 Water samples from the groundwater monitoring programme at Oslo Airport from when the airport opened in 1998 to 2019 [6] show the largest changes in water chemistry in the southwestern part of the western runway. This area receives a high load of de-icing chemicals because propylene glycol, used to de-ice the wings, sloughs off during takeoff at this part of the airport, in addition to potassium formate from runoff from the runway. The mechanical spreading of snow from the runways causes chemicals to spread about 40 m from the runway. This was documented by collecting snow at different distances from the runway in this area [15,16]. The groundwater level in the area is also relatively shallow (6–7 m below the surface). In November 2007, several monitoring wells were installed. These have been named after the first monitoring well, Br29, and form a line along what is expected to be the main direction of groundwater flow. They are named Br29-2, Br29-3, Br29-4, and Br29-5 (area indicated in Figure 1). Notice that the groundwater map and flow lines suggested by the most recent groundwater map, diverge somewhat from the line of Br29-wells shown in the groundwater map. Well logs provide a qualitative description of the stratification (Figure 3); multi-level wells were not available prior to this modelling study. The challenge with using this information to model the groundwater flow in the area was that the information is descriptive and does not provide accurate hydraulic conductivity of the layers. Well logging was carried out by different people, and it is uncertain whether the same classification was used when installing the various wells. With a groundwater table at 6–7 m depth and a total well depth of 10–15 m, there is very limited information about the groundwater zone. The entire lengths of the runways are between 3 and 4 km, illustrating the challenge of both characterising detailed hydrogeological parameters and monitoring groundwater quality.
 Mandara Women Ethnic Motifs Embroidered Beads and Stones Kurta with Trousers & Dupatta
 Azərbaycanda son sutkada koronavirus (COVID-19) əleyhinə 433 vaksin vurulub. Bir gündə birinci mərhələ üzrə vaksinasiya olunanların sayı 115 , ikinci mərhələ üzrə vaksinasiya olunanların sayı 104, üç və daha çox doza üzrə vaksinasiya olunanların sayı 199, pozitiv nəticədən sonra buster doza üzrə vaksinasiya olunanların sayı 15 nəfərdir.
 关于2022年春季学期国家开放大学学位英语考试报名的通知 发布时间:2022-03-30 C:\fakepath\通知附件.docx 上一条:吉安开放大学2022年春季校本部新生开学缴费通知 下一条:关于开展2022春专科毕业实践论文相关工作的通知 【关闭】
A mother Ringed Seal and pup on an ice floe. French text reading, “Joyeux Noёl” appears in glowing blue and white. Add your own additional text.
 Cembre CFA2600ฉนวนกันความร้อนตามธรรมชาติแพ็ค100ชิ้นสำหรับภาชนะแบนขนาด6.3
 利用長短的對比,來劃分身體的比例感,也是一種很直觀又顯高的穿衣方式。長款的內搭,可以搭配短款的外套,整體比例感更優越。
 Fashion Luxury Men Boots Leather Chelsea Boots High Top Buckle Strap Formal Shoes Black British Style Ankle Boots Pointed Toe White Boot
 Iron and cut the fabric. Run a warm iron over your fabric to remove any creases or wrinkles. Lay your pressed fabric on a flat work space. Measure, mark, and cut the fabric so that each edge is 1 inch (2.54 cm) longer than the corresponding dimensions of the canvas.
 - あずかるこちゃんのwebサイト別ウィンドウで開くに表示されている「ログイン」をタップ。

--------

**The task**
Beginning at the line above with "Mandara Women Ethnic" and finishing at the line with "上一条:吉安开放大学2022年春季校本部新生开学缴费通知 下一条:关于开展2022春专科毕业实践论文相关工作的通知 【关闭】", return each line exactly and return nothing else.

**Completed exercise**
 Mandara Women Ethnic Motifs Embroidered Beads and Stones Kurta with Trousers & Dupatta
 Azərbaycanda son sutkada koronavirus (COVID-19) əleyhinə 433 vaksin vurulub. Bir gündə birinci mərhələ üzrə vaksinasiya olunanların sayı 115 , ikinci mərhələ üzrə vaksinasiya olunanların sayı 104, üç və daha çox doza üzrə vaksinasiya olunanların sayı 199, pozitiv nəticədən sonra buster doza üzrə vaksinasiya olunanların sayı 15 nəfərdir.
 关于2022年春季学期国家开放大学学位英语考试报名的通知 发布时间:2022-03-30 C:\fakepath\通知附件.docx 上一条:吉安开放大学2022年春季校本部新生开学缴费通知 下一条:关于开展2022春专科毕业实践论文相关工作的通知 【关闭】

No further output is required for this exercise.